[Data Boundary: Start]

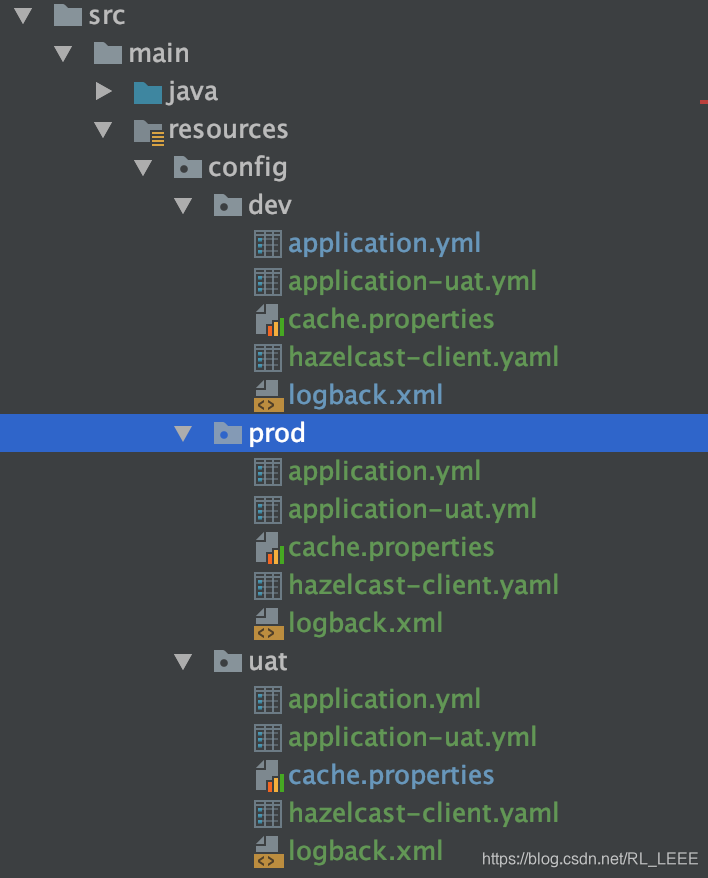 dev、prod、uat三个环境,使用三个目录加以区分。
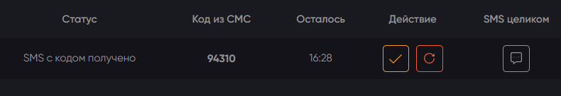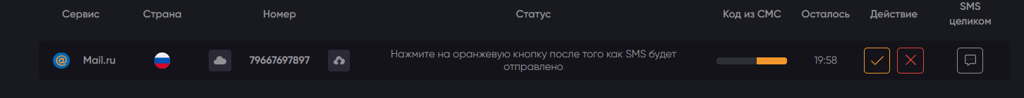 На платформе 365SMS необходимо дать команду, что номер готов принять сообщение для верификации. Кликаем на оранжевую галочку.
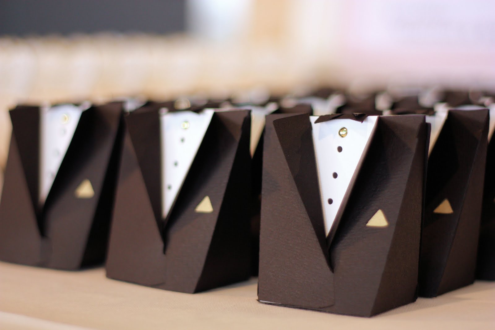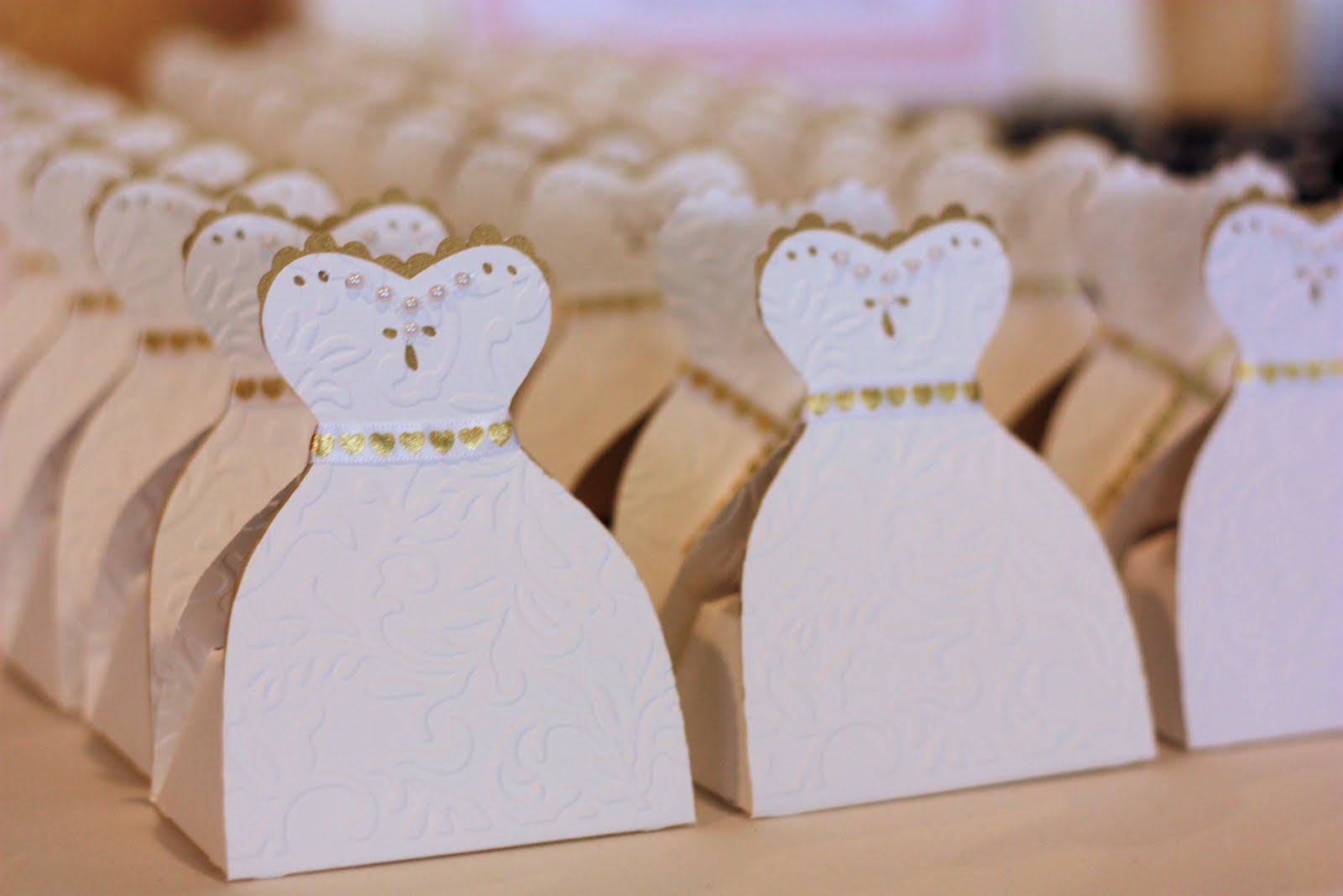 Nice job! Love how you embossed the dress favor and the neat gold accents on the groom favor. Your mom and dad are certainly blessed by you!

[Data Boundary: End]

> [Exercise]:
Print each line above exactly as it appears, excluding all images.

> [Result of this exercise]:
 dev、prod、uat三个环境,使用三个目录加以区分。
 На платформе 365SMS необходимо дать команду, что номер готов принять сообщение для верификации. Кликаем на оранжевую галочку.
 Nice job! Love how you embossed the dress favor and the neat gold accents on the groom favor. Your mom and dad are certainly blessed by you!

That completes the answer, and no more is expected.